Non nego affatto che si tratti di temi scottanti, che giustamente ispirano prudenza e cautela. Dati personali, pareri, stili di consumo, preferenze partitiche etc. sono dati che per una categoria di soggetti valgono molti soldi e che, almeno in parte, si prestano ad usi penalmente rilevanti.
Dai primi giorni di Internet, dalle prime polemiche dei primi alfieri dell’anonimato, sono tuttavia passati alcuni lustri. Quel che più conta, in questi lustri sono nati Facebook, MySpace, Twitter e una pletora di altri social network. Contenitori guardando ai quali viene da domandarsi cosa sia rimasto dei motivi ispiratori delle prime battaglie per l’anonimato.

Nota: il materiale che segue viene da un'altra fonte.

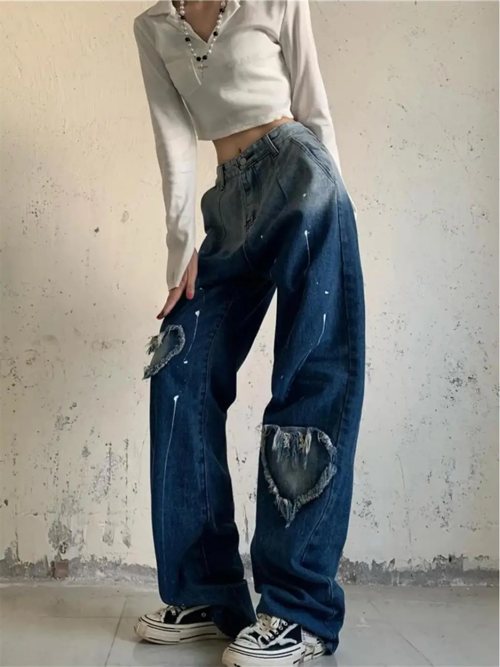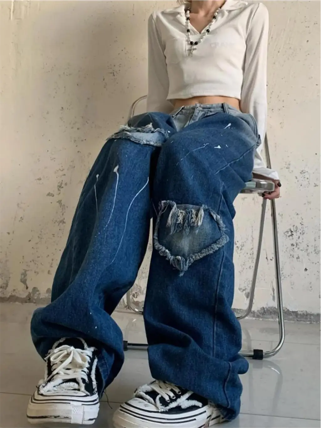 Y2k Heart Detail Streetwear Baggy Jean, 2000'lerin eğlenceli ve cesur modasını günümüze taşıyan bir parça. Bu pantolon, yüksek kaliteli pamuk ve elastan karışımıyla üretilmiştir, böylece hem rahatlık hem de esneklik sunar. Geniş paçaları ve yüksek bel kesimi ile retro bir hava yaratan pantolon, yıldız desenli yama detayları ve kar yıkama efektiyle dikkat çekici bir görünüm sunar.

Presso questi siti infatti, gli utenti si aprono come mai prima all’attenzione collettiva, non disdegnando finanche la pubblicazione di dettagli personali, situazioni sentimentali, preferenze sessuali condite di dettagli di vario genere, simpatie e antipatie politiche.
Google dal canto suo raccoglie e aggrega dati da ormai 11 anni, con strumenti sempre più pervasivi, che un giorno potrebbero consentirgli di raccontarci cos’è che davvero vogliamo, dalla cena di domani fino alla donna che fa per noi.

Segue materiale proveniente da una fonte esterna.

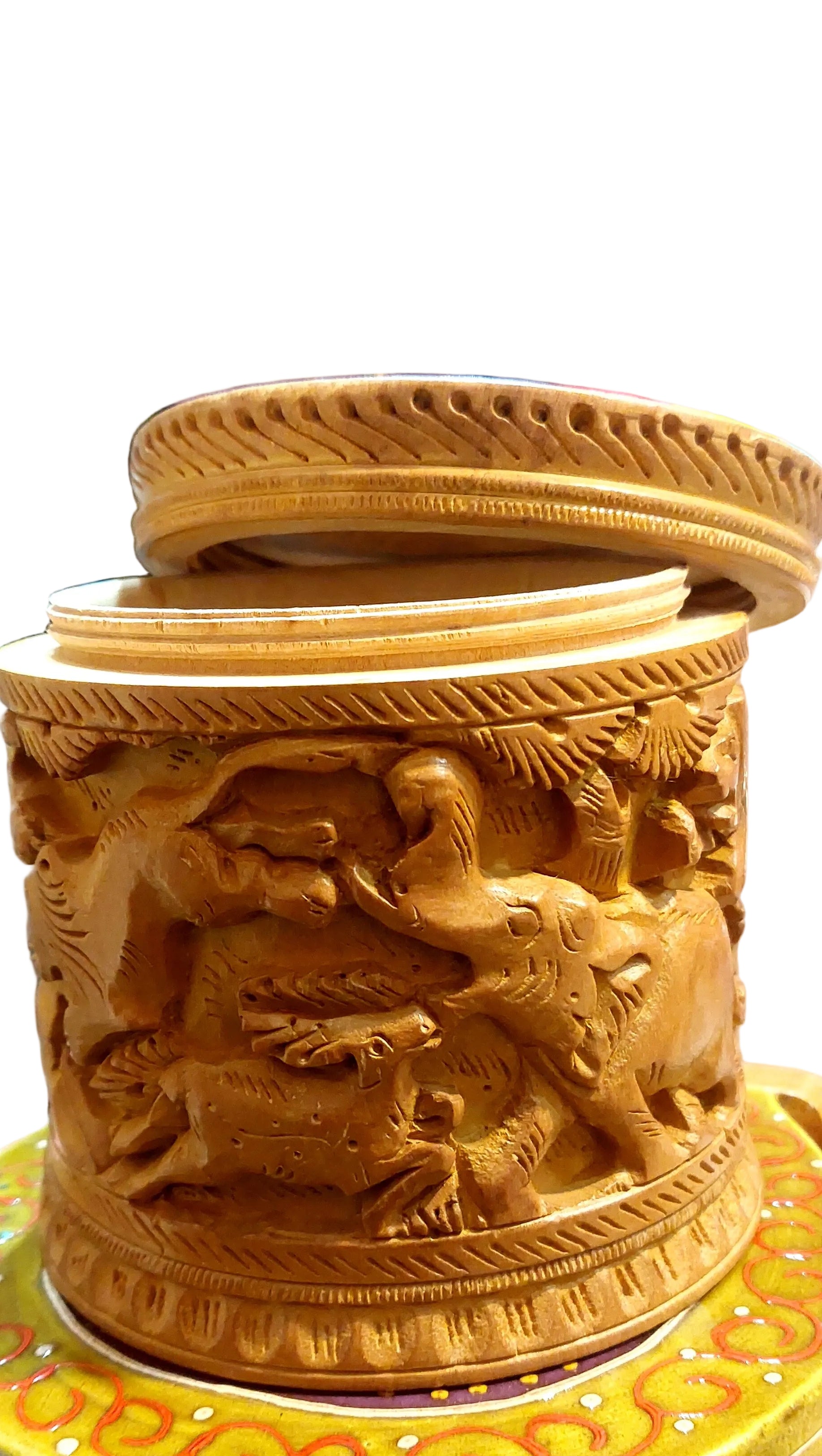 Bring the spirit of the wild into your home with this masterfully crafted 5-inch hand-carved wooden box. Featuring a stunning "Safari" theme, this piece showcases intricate, high-relief carvings of majestic elephants, lions, and graceful deer in a seamless 360-degree landscape.

Insomma, sembra che davanti alla “grande seduzione” del quarto d’ora di celebrità – che ai tempi della rete diventa un quarto di minuto o meno, milioni di utenti – ciascuno dei quali, interrogato sul tema, si dichiarerebbe forse uno strenuo difensore dell’anonimato – si sono dimostrati più che felici di rinunciare a grosse fette della loro privacy. Torna alla mente la bella conclusione de “L’avvocato del diavolo” in cui John Milton, alias Al Pacino, mormorava sghignazzando “La vanità… è il mio peccato preferito”.
Sorge pertanto il dubbio che nella discrepanza fra la difesa dell’anonimato nelle sedi “canoniche” e la completa rinuncia alla privacy presso i social network – sempre che non si voglia cedere alla tentazione di spiegare tutto con genuina idiozia e fede cieca in vuote “keyword”, come per esempio è divenuto la parola “anonimato” – si nasconda l’essenza del problema, o almeno parte di essa: la possibilità di utilizzare l’anonimato per gestire personalità di comodo da usare a scopi che non si desidera rivelare al pubblico e in contesti limitati.
Detto questo vi lascio con una domanda: quanto vale un’opinione, un giudizio, un parere, sotto il quale che un utente non è disposto a scrivere il suo nome? Quanto vale l’opinione di un commentatore che, potenzialmente, si maschera dietro l’anonimato per nascondere il suo conflitto d’interessi sui temi affrontati, per occultare il fatto che parli su mandato (magari, molto popolare di questi tempi, da marchettaro, in pieno stile “marketing 2.0”)? E quanto vale soprattutto la citazione di un parere dietro al quale non possiamo rintracciare una persona, un percorso di studi, una competenza provata?